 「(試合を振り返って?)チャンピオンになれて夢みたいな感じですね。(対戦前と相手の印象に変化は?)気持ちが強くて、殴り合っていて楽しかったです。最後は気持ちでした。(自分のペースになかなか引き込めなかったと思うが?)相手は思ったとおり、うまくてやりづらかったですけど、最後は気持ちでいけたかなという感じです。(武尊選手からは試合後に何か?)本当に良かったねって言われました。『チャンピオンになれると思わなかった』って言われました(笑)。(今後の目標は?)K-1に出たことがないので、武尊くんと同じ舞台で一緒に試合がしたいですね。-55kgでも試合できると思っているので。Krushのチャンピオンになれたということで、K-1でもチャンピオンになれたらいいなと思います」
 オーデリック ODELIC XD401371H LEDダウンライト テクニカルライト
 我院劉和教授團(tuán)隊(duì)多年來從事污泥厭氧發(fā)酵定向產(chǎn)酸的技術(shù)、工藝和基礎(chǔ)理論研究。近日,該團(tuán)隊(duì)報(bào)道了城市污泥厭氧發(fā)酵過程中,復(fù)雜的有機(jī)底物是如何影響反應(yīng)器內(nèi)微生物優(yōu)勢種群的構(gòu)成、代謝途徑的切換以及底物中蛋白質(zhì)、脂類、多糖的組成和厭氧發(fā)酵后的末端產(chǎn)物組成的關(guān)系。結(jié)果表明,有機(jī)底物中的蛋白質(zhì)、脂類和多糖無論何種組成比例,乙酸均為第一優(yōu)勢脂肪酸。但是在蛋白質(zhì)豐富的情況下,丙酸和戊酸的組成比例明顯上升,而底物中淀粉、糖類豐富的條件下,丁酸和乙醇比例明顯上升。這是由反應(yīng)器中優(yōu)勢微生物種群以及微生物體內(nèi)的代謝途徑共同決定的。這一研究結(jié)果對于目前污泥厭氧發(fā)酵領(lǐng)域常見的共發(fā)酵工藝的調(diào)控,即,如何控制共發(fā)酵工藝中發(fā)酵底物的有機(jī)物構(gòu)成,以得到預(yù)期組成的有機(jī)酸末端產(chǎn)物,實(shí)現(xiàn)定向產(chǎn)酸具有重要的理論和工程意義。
______________________________
**Assignment**. Each line of the material should be repeated exactly as it reads.

**Response area**.
 「(試合を振り返って?)チャンピオンになれて夢みたいな感じですね。(対戦前と相手の印象に変化は?)気持ちが強くて、殴り合っていて楽しかったです。最後は気持ちでした。(自分のペースになかなか引き込めなかったと思うが?)相手は思ったとおり、うまくてやりづらかったですけど、最後は気持ちでいけたかなという感じです。(武尊選手からは試合後に何か?)本当に良かったねって言われました。『チャンピオンになれると思わなかった』って言われました(笑)。(今後の目標は?)K-1に出たことがないので、武尊くんと同じ舞台で一緒に試合がしたいですね。-55kgでも試合できると思っているので。Krushのチャンピオンになれたということで、K-1でもチャンピオンになれたらいいなと思います」
 オーデリック ODELIC XD401371H LEDダウンライト テクニカルライト
 我院劉和教授團(tuán)隊(duì)多年來從事污泥厭氧發(fā)酵定向產(chǎn)酸的技術(shù)、工藝和基礎(chǔ)理論研究。近日,該團(tuán)隊(duì)報(bào)道了城市污泥厭氧發(fā)酵過程中,復(fù)雜的有機(jī)底物是如何影響反應(yīng)器內(nèi)微生物優(yōu)勢種群的構(gòu)成、代謝途徑的切換以及底物中蛋白質(zhì)、脂類、多糖的組成和厭氧發(fā)酵后的末端產(chǎn)物組成的關(guān)系。結(jié)果表明,有機(jī)底物中的蛋白質(zhì)、脂類和多糖無論何種組成比例,乙酸均為第一優(yōu)勢脂肪酸。但是在蛋白質(zhì)豐富的情況下,丙酸和戊酸的組成比例明顯上升,而底物中淀粉、糖類豐富的條件下,丁酸和乙醇比例明顯上升。這是由反應(yīng)器中優(yōu)勢微生物種群以及微生物體內(nèi)的代謝途徑共同決定的。這一研究結(jié)果對于目前污泥厭氧發(fā)酵領(lǐng)域常見的共發(fā)酵工藝的調(diào)控,即,如何控制共發(fā)酵工藝中發(fā)酵底物的有機(jī)物構(gòu)成,以得到預(yù)期組成的有機(jī)酸末端產(chǎn)物,實(shí)現(xiàn)定向產(chǎn)酸具有重要的理論和工程意義。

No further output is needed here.